With the ban applicable from October 13, 2014, and now reduced to six months, the company will be able to access the markets shortly, in about a month. Analysts at Axis Capital say over the next two years, DLF's balance sheet could be strengthened considerably through equity raising, monetisation of commercial assets (REIT or real estate investment trust listing), issuance of commercial mortgage-backed securities and stake sale in select projects.
However, the biggest overhang continues to be the high debt on the balance sheet. Given the slowdown in real estate sales, lack of operational cash flows and current expenditure, the company has not been able to bring down its net debt. This had risen Rs 400 crore on a sequential basis in the December quarter, to Rs 20,337 crore. The company has been looking at various options.
DLF will be looking at the listing of two REITs, one housing the office/commercial assets and the other of retail assets. The company, expected to be one of the key beneficiaries of the easing in tax norms for REITS, plans to file for listing of at least one in FY16. The commercial assets business is a substantial part of DLF, with Motilal Oswal Securities estimating 43 per cent of its net asset value is attributable to office and retail assets. While leasing volumes for the nine months ended December 2014 jumped 22 per cent year-on-year to 1.4 million sq ft, the company is expected to achieve rental income of Rs 2,100-2,400 crore in FY15. About 70 per cent of the debt is attributable to the lease or rental segment. Annuity income, according to JPMorgan analysts, is expected to rise by 50 per cent over the next three years, driven by new retail mall/office completions and a sharp rise in rental in the Cyber City portfolio as old leases expire.

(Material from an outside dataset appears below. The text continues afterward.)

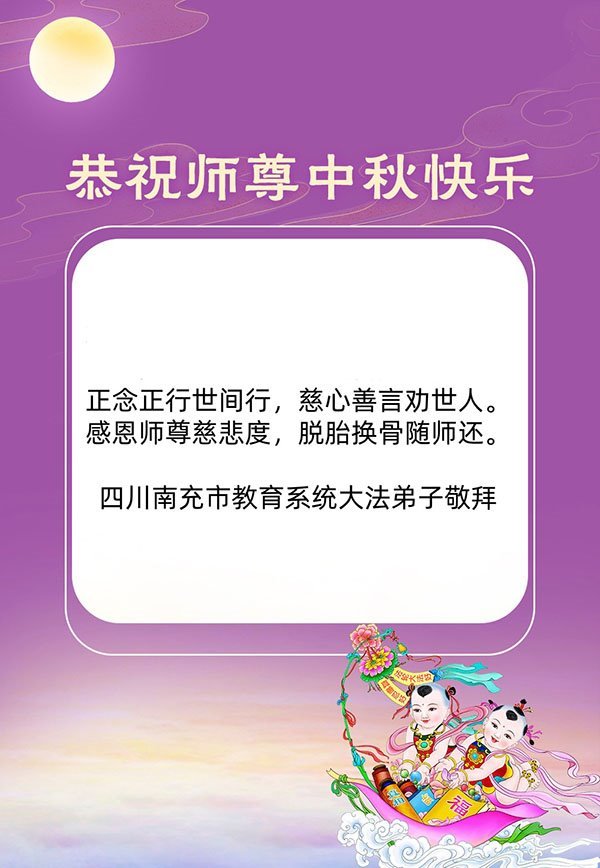 (Minghui.org) Z okazji Święta Środka Jesieni (znanego również jako Święto Księżyca), portal Minghui.org otrzymał liczne życzenia z okazji świąt Mistrzowi Li Hongzhi, założycielowi Falun Dafa. Poniżej znajduje się 19 wybranych życzeń od praktykujących pracujących w chińskim systemie edukacji. Podziękowali Mistrzowi Li za jego pełne współczucia zbawienie i życzyli Mu wesołych świąt.

Most analysts are bullish on the rental assets segment of the company. On the residential front, the company is struggling to improve its sales, with little traction in its core Gurgaon market. Sales there are down 70 per cent from the 2010 levels and near the financial crisis levels of 2008, say analysts at JPMorgan. The company has been able to do better than peers in this market due to some traction in luxury residential projects. These are expected to help it achieve its FY15 pre-sales target of Rs 3,000- 3,500 crore; DLF has achieved Rs 2,700 crore so far. For the nine months ending December 2014, consolidated revenue was Rs 5,695 crore (down 8.7 per cent year-on-year), while net profit came in at Rs 368 crore (down 13.6 per cent).
The response to the two new launches, a middle income project in New Gurgaon and the luxury residential project in Delhi, will decide the growth its residential segment can achieve. Given the slow offtake of its projects and full-fledged growth a few quarters away, the company is also looking at selling stakes in some of its projects in the near term.

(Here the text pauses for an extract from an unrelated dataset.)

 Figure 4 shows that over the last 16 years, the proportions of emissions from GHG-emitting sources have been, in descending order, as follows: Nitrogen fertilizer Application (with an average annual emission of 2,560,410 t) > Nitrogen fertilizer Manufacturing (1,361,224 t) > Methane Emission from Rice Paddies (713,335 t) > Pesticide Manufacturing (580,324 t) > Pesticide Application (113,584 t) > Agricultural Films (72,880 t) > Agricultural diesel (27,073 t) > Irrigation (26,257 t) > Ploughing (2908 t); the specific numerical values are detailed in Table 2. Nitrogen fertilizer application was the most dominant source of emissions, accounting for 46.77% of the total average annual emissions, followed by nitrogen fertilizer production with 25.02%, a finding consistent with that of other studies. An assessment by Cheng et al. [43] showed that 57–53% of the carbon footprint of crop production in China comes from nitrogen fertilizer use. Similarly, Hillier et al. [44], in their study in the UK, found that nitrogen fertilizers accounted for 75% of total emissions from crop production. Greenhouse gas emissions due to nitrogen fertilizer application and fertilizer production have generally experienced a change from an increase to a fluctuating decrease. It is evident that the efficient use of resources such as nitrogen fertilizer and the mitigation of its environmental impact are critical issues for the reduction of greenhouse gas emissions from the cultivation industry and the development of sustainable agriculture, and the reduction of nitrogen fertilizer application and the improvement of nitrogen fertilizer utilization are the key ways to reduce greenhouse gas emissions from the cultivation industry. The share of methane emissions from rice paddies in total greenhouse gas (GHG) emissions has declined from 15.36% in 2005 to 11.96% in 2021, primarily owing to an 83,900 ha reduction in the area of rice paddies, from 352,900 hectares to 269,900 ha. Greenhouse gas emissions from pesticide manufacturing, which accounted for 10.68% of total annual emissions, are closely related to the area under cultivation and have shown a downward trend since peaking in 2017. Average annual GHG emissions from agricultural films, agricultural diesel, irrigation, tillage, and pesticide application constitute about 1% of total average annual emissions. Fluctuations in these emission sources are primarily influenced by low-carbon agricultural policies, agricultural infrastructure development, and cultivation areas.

Meanwhile, the promoters have deferred conversion of compulsory convertible preference shares (CCPS) into equity till March 2016 and reduced the dividend coupon rate to 0.01 per cent. These were issued in 2009, when DLF had announced the merger of its subsidiary, DLF Cyber City Developers, with promoter firm Caraf Builders & Constructions, holding company of DLF Assets. DLF Cyber City Developers had issued CCPS worth Rs 1,597 crore. The company, given the nine per cent interest rate of these preference shares, will save about Rs 143 crore annually in interest costs on this count.